**Data under study**:
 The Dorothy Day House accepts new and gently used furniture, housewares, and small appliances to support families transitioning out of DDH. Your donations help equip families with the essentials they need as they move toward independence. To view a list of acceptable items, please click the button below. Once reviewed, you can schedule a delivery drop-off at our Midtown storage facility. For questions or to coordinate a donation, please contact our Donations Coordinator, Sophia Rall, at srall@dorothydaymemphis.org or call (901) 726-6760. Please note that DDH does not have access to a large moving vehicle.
...
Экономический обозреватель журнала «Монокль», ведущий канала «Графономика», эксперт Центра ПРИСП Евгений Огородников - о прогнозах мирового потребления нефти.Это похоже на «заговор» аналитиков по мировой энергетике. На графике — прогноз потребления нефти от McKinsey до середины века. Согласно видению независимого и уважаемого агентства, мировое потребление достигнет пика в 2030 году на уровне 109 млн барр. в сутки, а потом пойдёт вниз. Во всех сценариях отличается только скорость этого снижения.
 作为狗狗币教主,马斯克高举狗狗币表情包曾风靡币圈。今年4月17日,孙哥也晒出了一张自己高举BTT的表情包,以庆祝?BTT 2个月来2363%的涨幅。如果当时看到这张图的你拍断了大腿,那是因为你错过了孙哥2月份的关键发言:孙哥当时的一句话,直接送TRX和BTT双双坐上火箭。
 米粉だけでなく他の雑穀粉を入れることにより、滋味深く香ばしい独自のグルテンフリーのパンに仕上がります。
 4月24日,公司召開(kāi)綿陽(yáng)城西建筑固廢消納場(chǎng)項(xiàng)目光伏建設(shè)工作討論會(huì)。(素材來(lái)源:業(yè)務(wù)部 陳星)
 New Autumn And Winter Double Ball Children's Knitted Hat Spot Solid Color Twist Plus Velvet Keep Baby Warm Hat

**Task item**:
Transcribe the records above from the line holding "作为狗狗币教主,马斯克高举狗" down to the line holding "New Autumn And", inclusive, without adding anything.

**Result for this exercise**:
 作为狗狗币教主,马斯克高举狗狗币表情包曾风靡币圈。今年4月17日,孙哥也晒出了一张自己高举BTT的表情包,以庆祝?BTT 2个月来2363%的涨幅。如果当时看到这张图的你拍断了大腿,那是因为你错过了孙哥2月份的关键发言:孙哥当时的一句话,直接送TRX和BTT双双坐上火箭。
 米粉だけでなく他の雑穀粉を入れることにより、滋味深く香ばしい独自のグルテンフリーのパンに仕上がります。
 4月24日,公司召開(kāi)綿陽(yáng)城西建筑固廢消納場(chǎng)項(xiàng)目光伏建設(shè)工作討論會(huì)。(素材來(lái)源:業(yè)務(wù)部 陳星)
 New Autumn And Winter Double Ball Children's Knitted Hat Spot Solid Color Twist Plus Velvet Keep Baby Warm Hat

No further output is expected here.